The final point of contention between the Chalice/Rod players and the Sphere players is the fact that Chalice/Rod are not adequate protection from the game-ending bounce spell. The fact that an opponent who is barely staying in the game can cast a Rebuild and win the game keeps gives the Stax player nightmares. In the past, Vroman’s Uba Stax ran copies of Uba Mask for several reasons, but the most pertinent reason to this topic is the block of incremental hand gains by a blue opponent. This function of Mask keeps an opposing player from sculpting a hand to win the game just before the hard-lock comes down.
Sphere has been described as redundant in function to Wasteland or Strip Mine. This statement nearly always has a negative connotation. But is the concept of achieving the same functionality as Strip Mine without losing a land drop negative at all? I say no. If Stax players were allowed to run Strip Mine 2-4, we would all be running them. This destruction of land would increase the value of every card that stops artifact mana. I assert that running 4 copies of Sphere of Resistance in addition to Trinisphere makes Chalice of the Void and Null Rod immensely powerful.

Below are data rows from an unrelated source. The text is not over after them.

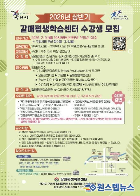 원스텝뉴스 이병희 기자 | 구리시는 구리시평생학습관, 갈매평생학습센터, 수택평생학습센터에서 운영하는 2026년 상반기 평생학습 강좌의 수강생을 오는 2월 9일부터 모집한다고 밝혔다.
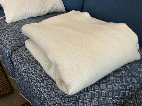This blanket appears to be a twin sized blanket and would seem to work well with a twin sized bed. It’s a relatively heavy blanket so it should be good for the cold weather. It’s been in a box in the garage for a while so it needs to be washed and I’ll leave that up to the new owner since I’m sure they’ll want to wash it anyway. But no holes or stitching issues or anything like that. It’s in pretty good condition overall. It’ll just need a wash in the washing machine and you should be good to go.
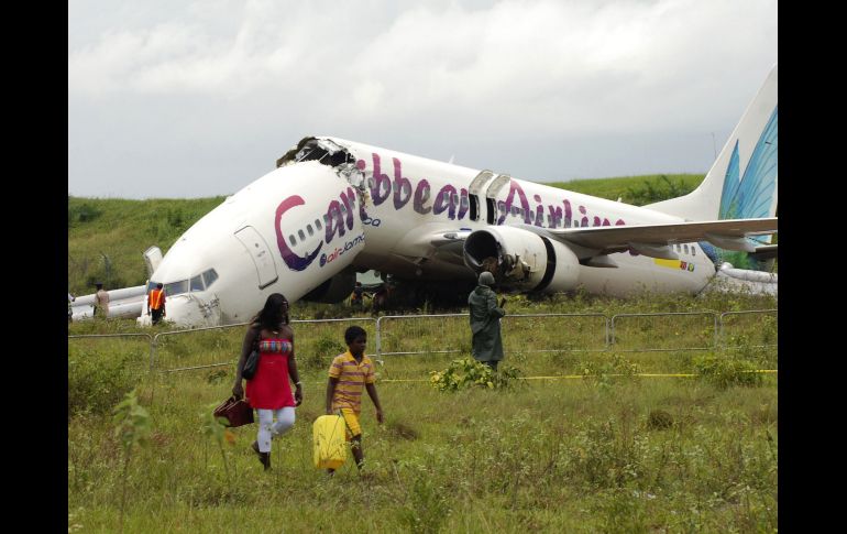 Internacional | El incidente provocó el cierre temporal del aeropuerto Sobreviven 163 personas a accidente aéreo en Guyana Pese a que un avión de Caribbean Airlines, se salió de la pista y se partió en dos al aterrizar no se registraron muertes Por: NTX 30 de julio de 2011 - 13:15 hs El fuselaje roto del Boeing Caribbean Airlines se ve después del accidente. AP / CARACAS, VENEZUELA (30/JUL/2011).- Un avión de Caribbean Airlines, con 163 personas abordo, se salió de la pista y se partió en dos al aterrizar hoy en el aeropuerto de Georgetown, capital de Guyana, causando decenas de heridos pero sin que se reportaran decesos. El accidente ocurrió cuando la aeronave, un Boeing 737-800 que procedía de Nueva York, aterrizaba en el aeropuerto internacional Cheddi Jagan, en Georgetown, y sobrepasó la pista, en medio de pésimas condiciones climáticas. Al parecer la espesa niebla y la fuerte lluvia que se registraba en ese momento obstaculizaron la visión de los pilotos, reportó el diario local Guyana Chronicle. En el avión, que cubría el vuelo BW-523 con una escala en Trinidad, viajaban 157 pasajeros y seis miembros de la tripulación, y todos sobrevivieron al accidente, que provocó el cierre temporal del aeropuerto. El presidente de Guyana, Bharrat Jagdeo, declaró a la prensa que por fortuna el avión se detuvo a unos 61 metros de un barranco, pues pudo haber caído y causar decenas de muertos. Temas América Latina Accidentes en el mundo Aeropuertos Lee También Reportan carambola en autopista a Morelia Muere conductor tras choque entre camioneta y camión en Arandas Conmociones cerebrales, la cuarta lesión más frecuente en partidos de la Conmebol Chivas y América empatan en partido amistoso Recibe las últimas noticias en tu e-mail Todo lo que necesitas saber para comenzar tu día Registrarse implica aceptar los Términos y Condiciones
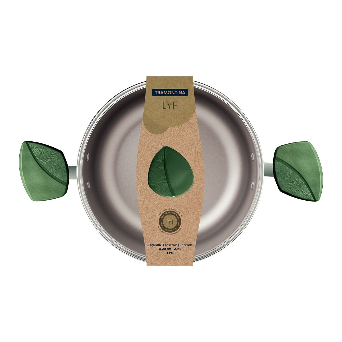 Inspirada em elementos naturais, tais como o vento e a folha, a caçarola Tramontina LYF em alumínio com revestimento interno e externo em antiaderente Starflon Max verde natureza 20 centímetros de diâmetro 2,9 litros proporciona um cozimento rápido e uniforme dos alimentos e um preparo muito mais prático. Desenvolvida com espessura de 1,8 milímetros e revestimento em antiaderente Starflon Max, ela evita que os alimentos grudem na superfície, é muito fácil de limpar e muito mais durável. Suas alças são em termoplástico de engenharia, material 100% reciclado e que garante um manuseio muito mais confortável e seguro. Além de todas essas características, a caçarola ainda vem com tampa de vidro com saída de vapor, borda de aço inox e pegador em nylon. A Tramontina te ajuda a fazer uma escolha ainda mais sustentável, com uma linha de produtos para quem escolhe ter uma cozinha mais sustentável!
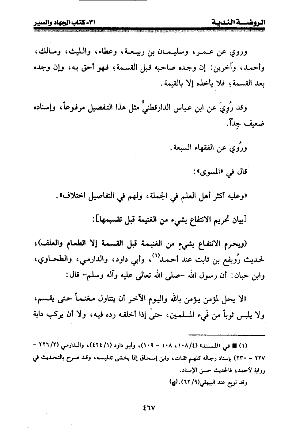 " لا يحل لمؤمن يؤمن بالله واليوم الآخر أن يتناول مغنما حتى يقسم، ولا يلبس ثوبا من فيء المسلمين، حتى إذا أخلقه رده فيه، ولا أن يركب دابة
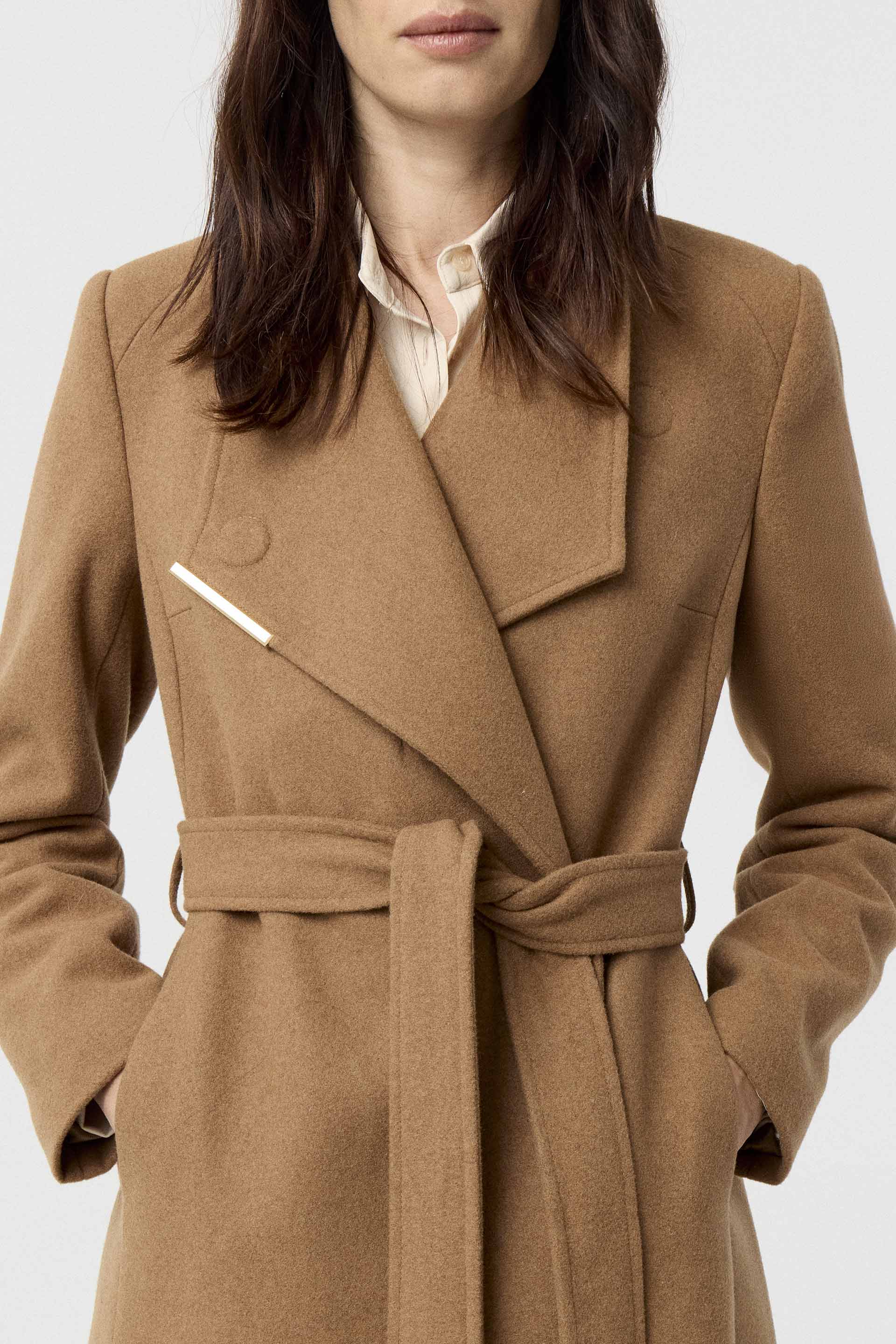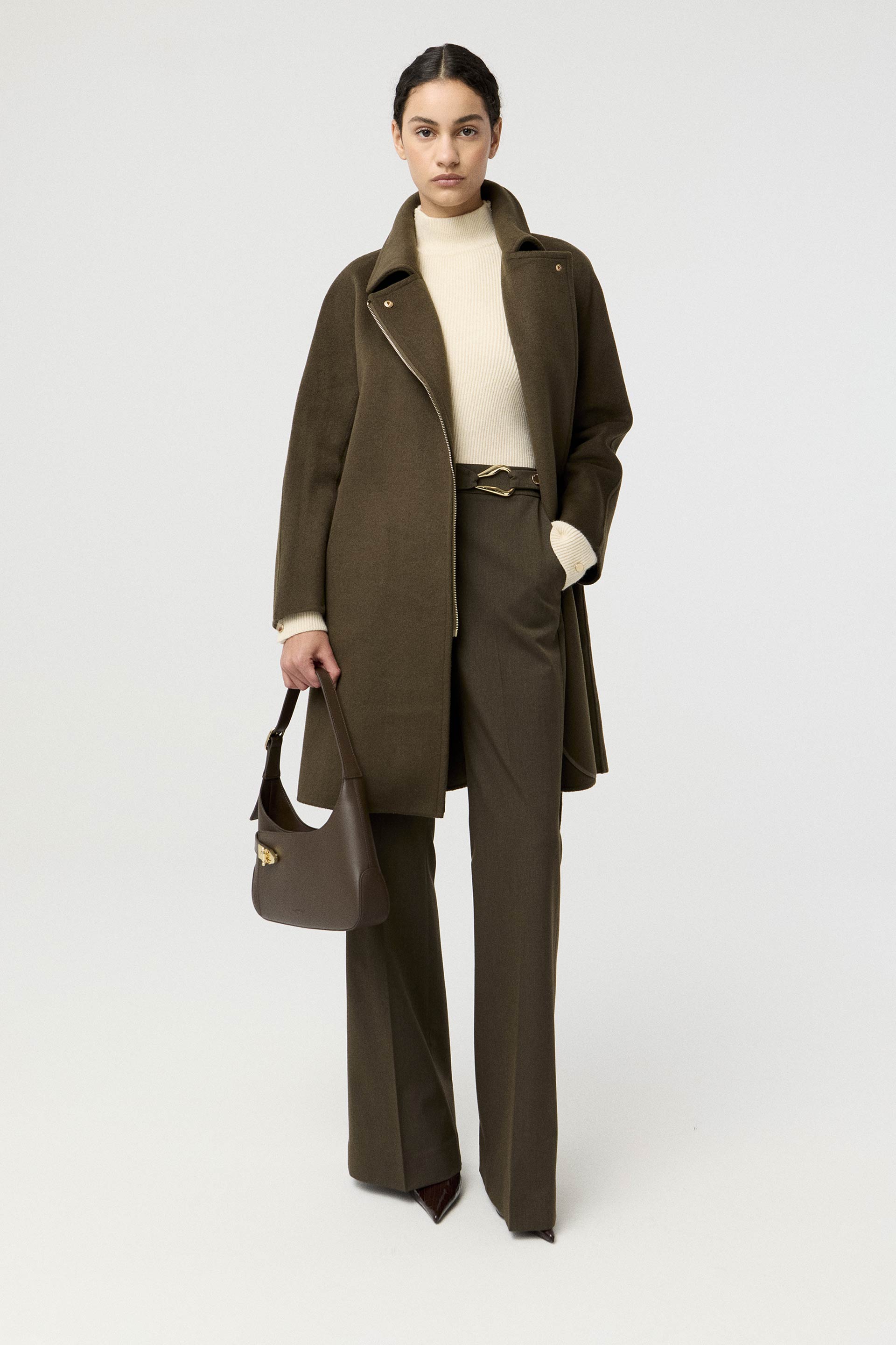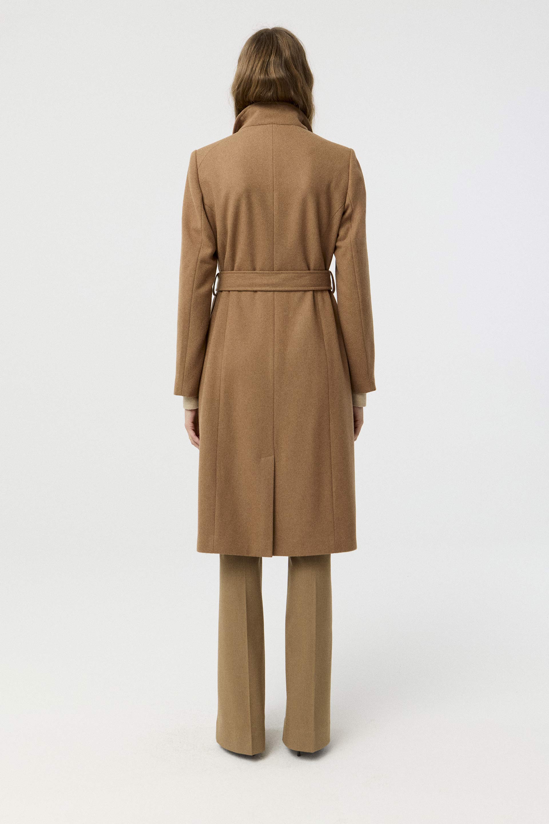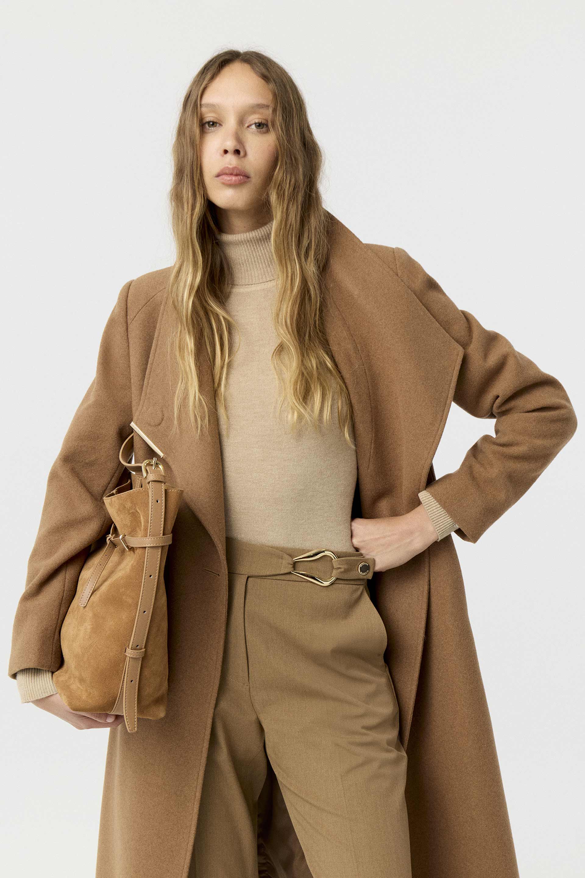 Tapado de paño de lana, de silueta entallada, cuello alto y manga larga. Presenta un botón metálico en el acceso, lazo en la cintura con terminaciones metálicas y avío imantado personalizado MKV en la solapa. Un tapado elegante y fácil de combinar, con un largo modular de tendencia que potencia cualquier look.
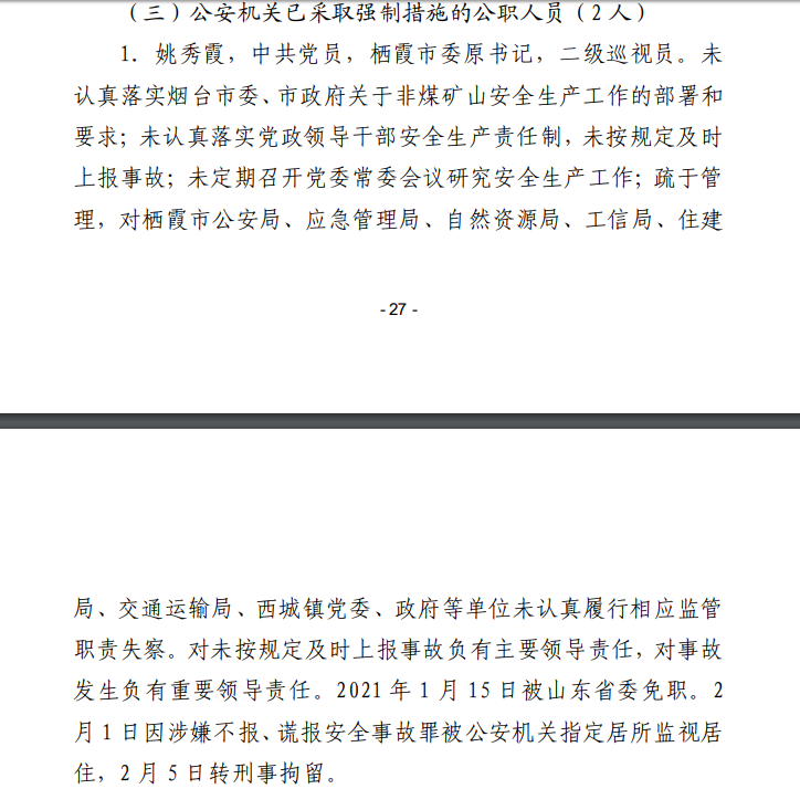 同时,山东五彩龙投资有限公司法定代表人贾巧遇和时任栖霞市委书记姚秀霞,市委副书记、市长朱涛,因负有迟报瞒报事故责任,目前由公安机关立案侦查。
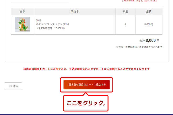 - 購入者は、特別決済の請求書から商品をカートに入れて、有効期限内に決済を行います。

Null Rod has been described by many as too detrimental to the relatively weak 5-color manabase to be played. I have come to believe this is true by a great many games of drawing artifacts that should have been tapping to play my spells…and not being able to use them. I do not believe that Null Rod is more detrimental to the opponent in these situations. My reasoning is that the ability of Stax to assemetrically abuse lock components is the result of being able to play all of the cards that inhibit mana creation while knowing that the cards on the top of the deck will continue to support your own production and Smokestack consumption. Taking away the depth of available options from the top of the deck is extremely damaging to Stax. The current R or B/R versions of Stax can afford to draw into trash because those decks have draw engines or the ability to recycle cards from the graveyard and sculpt a hand with Bazaar of Baghdad. 5-color Stax does not have this luxury. Our gameplan is fundamentally different.
The gameplan of 5-color Stax has been and will always be to INCREMENTALLY take options away from the opponent until none remain. Taking away 1 land at a time, or adding 1 mana to the cost of every spell the opponent plays fits exactly into this gameplan. Trinisphere’s restriction can be attributed to achieving the hard-lock immediately.
The result of this theoretical line of thought is that 5-Color Stax has a better chance of victory while running Sphere of Resistance than Chalice of the Void/Null Rod as lock components. However, the deck will probably benefit from the addition of Chalice to Sphere of Resistance as low mana incremental lock pieces. This concept is not new, as several early Stax players utilized this strategy when Mirrodin Block came out.